Я подскочил к Дрябину и что было сил стал отводить от его груди полтонны смертоносной тяжести. Ладони мои, скользя, срывались в густой смазке тавота. Набежали еще минеры, высвободили Дрябина из-под груза…
Что сделал Дрябин? Первым делом он схватил разорванный трос от талей и, потрясая им, заорал на баржу:
— За такое дело — трибунал и расстрел вам, собакам! Забирай боеголовку обратно! И акт составим — она уже непригодна…
Потом повернулся ко мне, кладя руку на мой погон…
— «Ю»! — сказал он мне. — Ты первым подскочил. Дрябин таких вещей не забывает. Ходи за мной. Дай пять… вот так!

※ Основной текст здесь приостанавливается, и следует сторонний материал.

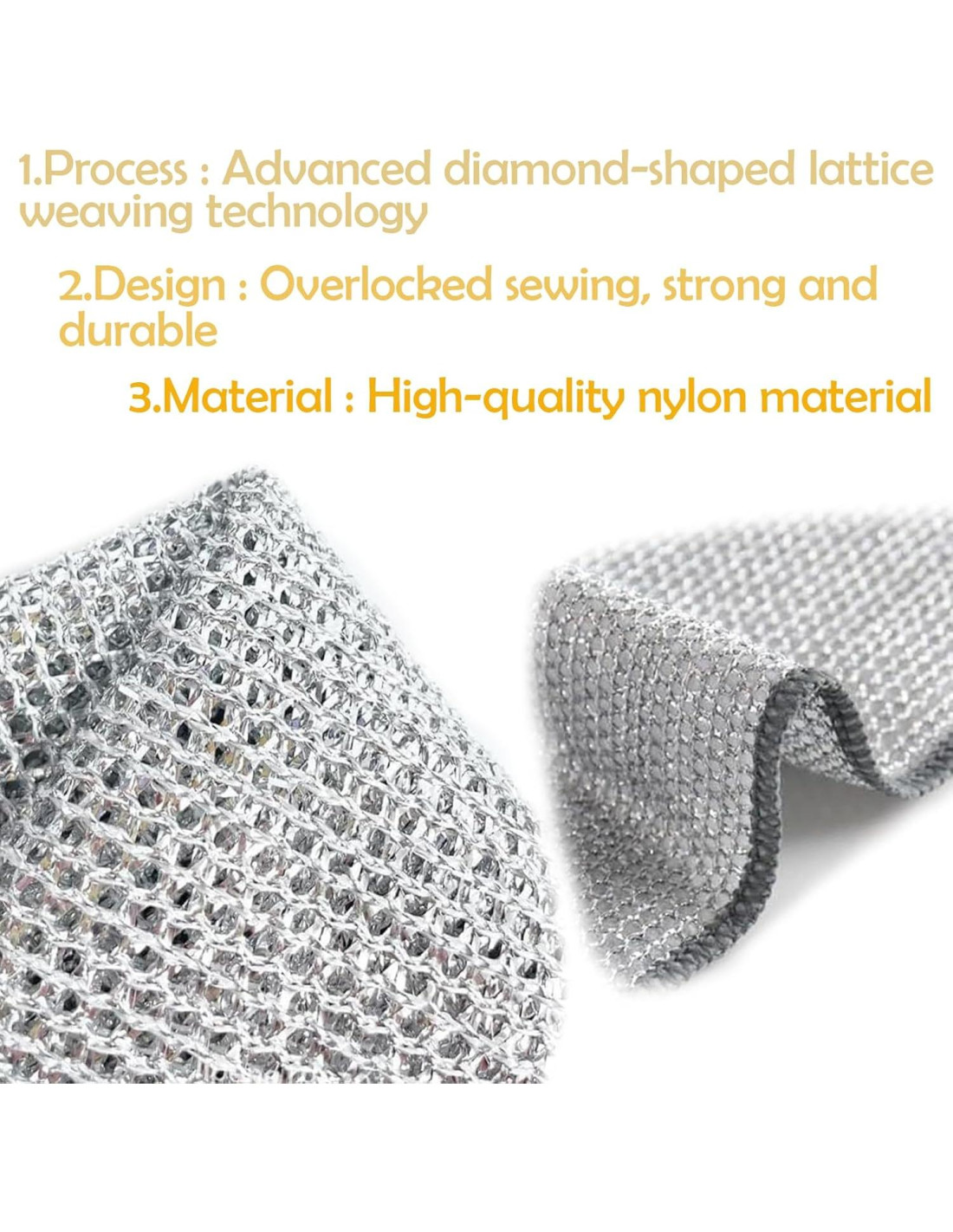 - [Tamaño y Diseño Ideal] Paño de limpieza de alambre sin rayones tamaño: 7.87 pulgadas X 7.87 pulgadas, ligeramente más grande que los paños de cocina tradicionales, limpia hasta 3 veces más rápido, la tela es suave y no daña tus manos. Es un utensilio de cocina imprescindible. Los trapos de lavado con malla de diamante y diseño de costura sobrehilada están disponibles en diseños de doble y simple capa, aumentando la fuerza sassafras, lo que mejora enormemente la eficiencia de limpieza y durabilidad.

Стылый тавот намертво склеил наше пожатие. Мы едва расцепили свои ладони. Верткой походкой бывалого миноносника Дрябин уже шагал в корму, а я вприпрыжку семенил за ним.
Следом за новым другом я спустился в узкий отсек запчастей БЧ-3, похожий на слесарную кладовую, Дрябин извлек откуда-то прозрачный флакон из-под духов «Белая акация» и сказал мне:
— Дрябин не подведет. Сейчас тяпнем за дружбу!
— А что тут? — спросил я, замирая от страха.
— Этим вот протираем минные прицелы. Линзы у нас чистенькие, а спирт остался.
— Я боюсь, — признался я. — Никогда не пил.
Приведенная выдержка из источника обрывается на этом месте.